US 10-year yield set to bounce?
200-day MA often acts as support
Chart of the Day
Fresh fears about the coronavirus caused the US 10-year yield to fall sharply last week, but much like in early November, it appears to be bouncing off its 200-day moving average. With that support in place, we may not see the 10-year yield fall further unless the Omicron strain really proves to be both more transmissible and more dangerous than previous variants. For now, many believe the transmissibility part to be true, but there is not much in the way of evidence about whether it is more deadly. Even if it is more concerning than previous variants, markets may be off the mark if it causes a new round of restrictions that lead to further inflationary supply pressures.
Despite various challenges from new lockdowns and supply shortages, the eurozone ESI is holding up.
In Turkey, the Economic Confidence Index fell in November, but not drastically considering what is going on in the financial markets, with the lira depreciating rapidly last week.
The early German data showed HICP inflation jumped to over 6% in November.
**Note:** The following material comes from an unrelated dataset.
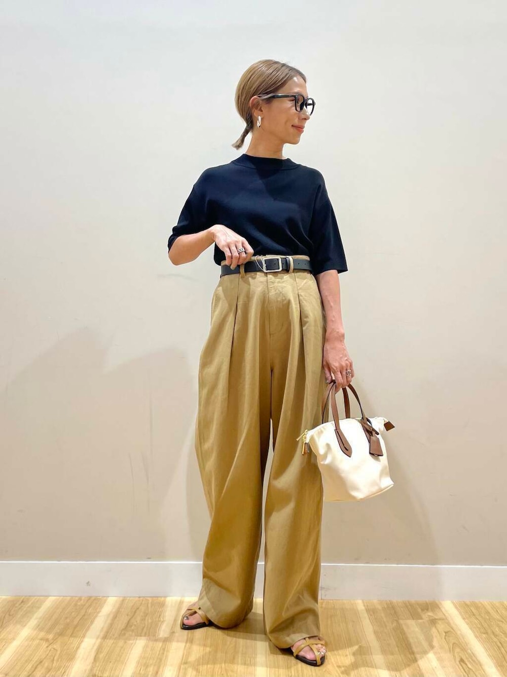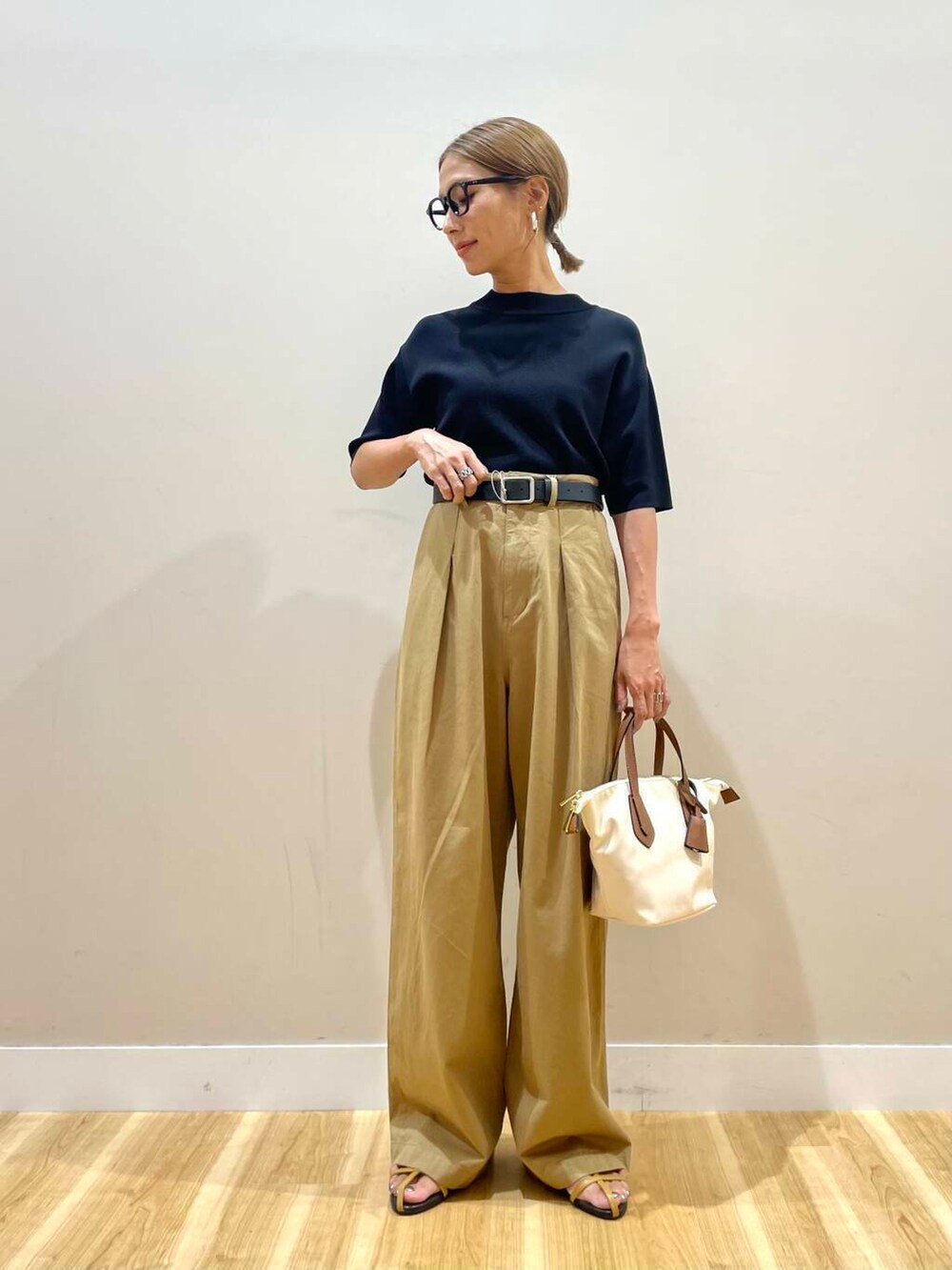 肉感も拾わず、ワイドながら美脚見えなパンツです💕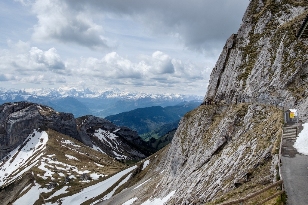 從馬特洪峰、少女峰到皮拉圖斯山,每一座高山都有自己的風貌和傳說,然而最為陡峭的齒軌列車和龍的傳說令人對皮拉圖斯山無法忘懷。從皮拉圖斯山上往下看時,想像龍正盤踞在這睡覺的情景,別有一番趣味。馬特洪峰和少女峰都超過4000公尺的高度,所以望出去都是一片白皚皚的雪,但皮拉圖斯山僅有2132公尺,因此我們去的時候剩下的殘雪並不多,而且從山上就可以看到山下的風景,甚至可以直接看到盧森市區。

We have to wait for the final release to see how much was driven by core inflation.
In China, the official manufacturing PMI rose to 50.1 in November, implying output is no longer falling.
WTI may also be set to bounce from its 200-day MA.
The US equity market enjoyed a decent rebound yesterday. In big picture terms, it has done much better than markets in Europe, where governments are announcing harder measures to stop the spread of the new Covid variant.
US investors are not completely sanguine. The small-cap Russell 2000, the constituents of which are more exposed to domestic economic conditions, fell yesterday and the ratio of the S&P 500 to the Russell has risen sharply, unlike in other countries.
EM indices also continued to fare relatively poorly.
While the VIX has fallen back, the MOVE index of implied bond market volatility is still high.